Sabtu, 3 Juli 2021 17:34

Pelaksanaan Vaksinasi Massal di Cimahi Menuai Sorotan

Reporter : Bubun Munawar
Warga antri Vaksinasi massal di Cimahi Technopark, Sabtu (26/6/2921(
Warga antri Vaksinasi massal di Cimahi Technopark, Sabtu (26/6/2021) [INews Jabar]

Limawaktu.id,- Mensikapi antusiasme masyarakat dalam mengikuti program vaksin massal di beberapa tempat, yang  mengakibatkan terciptanya kerumunan dan berpotensi menjadi pelanggaran pada protokol kesehatan, menuai sorotan LSM Kompas. Karenanya hal ini perlu dievaluasi oleh pihak penyelenggara.

Ketua Umum LSM Kompas Fajar Budhi Wibowo mengungkapkan, Niat yang baik hendaklah diimbangi dengan pengaturan yang baik pula. Perlu adanya langkah alternatif yang dilakukan oleh penyelenggara, agar program dapat terlaksana dengan baik namun tidak menimbulkan permasalahan yang baru.

“Menilik dari kenyataan yang ada, apakah dibenarkan kerumunan yang tercipta pada tempat-tempat vaksin massal? Contoh misalnya yang terjadi berulang-ulang di Technopark Cimahi,“ ungkapnya, Sabtu (3/7/2021).

Menurutnya, Yang divaksin harus tetap mematuhi protokol kesehatan. Terlebih hari ini adalah hari pertama dimulainya PPKM Darurat, masa masyarakat diberikan teladan yang kurang baik. Jangan sampai nanti ada istilah timbul Cluster Kerumunan Vaksin, maukah penyelenggara dipersalahkan ?

Seharusnya sudah terantisipasi akan seperti apa, bila berkaca pada penyelenggaraan-penyelenggaraan sebelumnya. Pemerintah Kota, Satgas Covid dan penyelenggara harus benar-benar memikirkan kembali langkah-langkah alternatif agar tidak berulang menimbulkan kerumunan yang sepertinya bisa dikatakan nyaris tidak terkendali.

“Karena vaksin ini penting, saya menyarankan, bagaiman bila penyelenggaraan vaksin massal di cimahi dilakukan secara door to door saja, atau dilakukan seperti halnya posyandu/posbindu, diselenggarakan per RW, biasanya ada 2 sampai 3 tempat di setiap RW,” ujarnya.

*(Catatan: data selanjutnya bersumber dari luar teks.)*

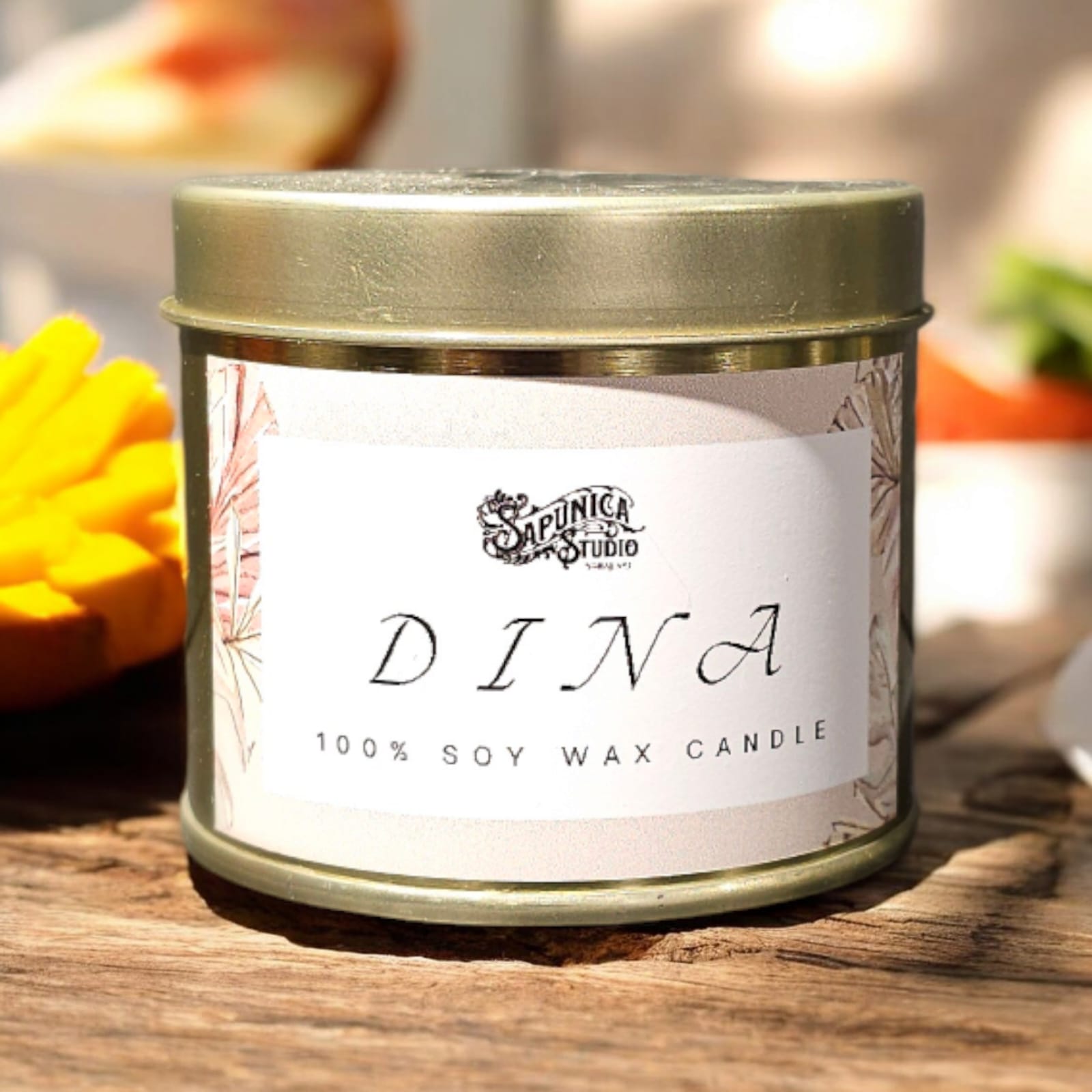 Osvježite svoj dom egzotičnim mirisima sa našom ručno rađenom svijećom i mirisom manga i papaje, smještenom u elegantnoj zlatnoj aluminijskoj posudi. Naša svijeća teži 150 grama i nudi vrijeme gorenja do 40 sati, pružajući dugotrajan i očaravajući miris.

Sebelumnya, Pelaksana tugas (plt) Wali Kota Cimahi Ngatiyana mengatakan, vaksinasi yang dilakukan kali ini sebagai ihtiar untuk menekan kasus Covid-19. Dia pun mengakui jika animo masyarakat Cimahi yang ingin mengikuti Vaksinasi Massal ini sangat tinggi. 

"Animonya memang tinggi, buktinya pendaftaran kan online tapi tetap membludak," katanya, Sabtu (26/6/2021).

Menurut Ngatiyana, progres vaksinasi Covid-19 di Cimahi memang masih kecil. Secara keseluruhan persentasenya baru menyentuh angka sekitar 13 persen dari total penduduk Kota Cimahi sekitar 600.000 jiwa

 "Warga yang belum divaksin masih banyak, makanya kita ingin setiap hari ada yang divaksinasi 1.000 sampai 2.000 orang," jelasnya.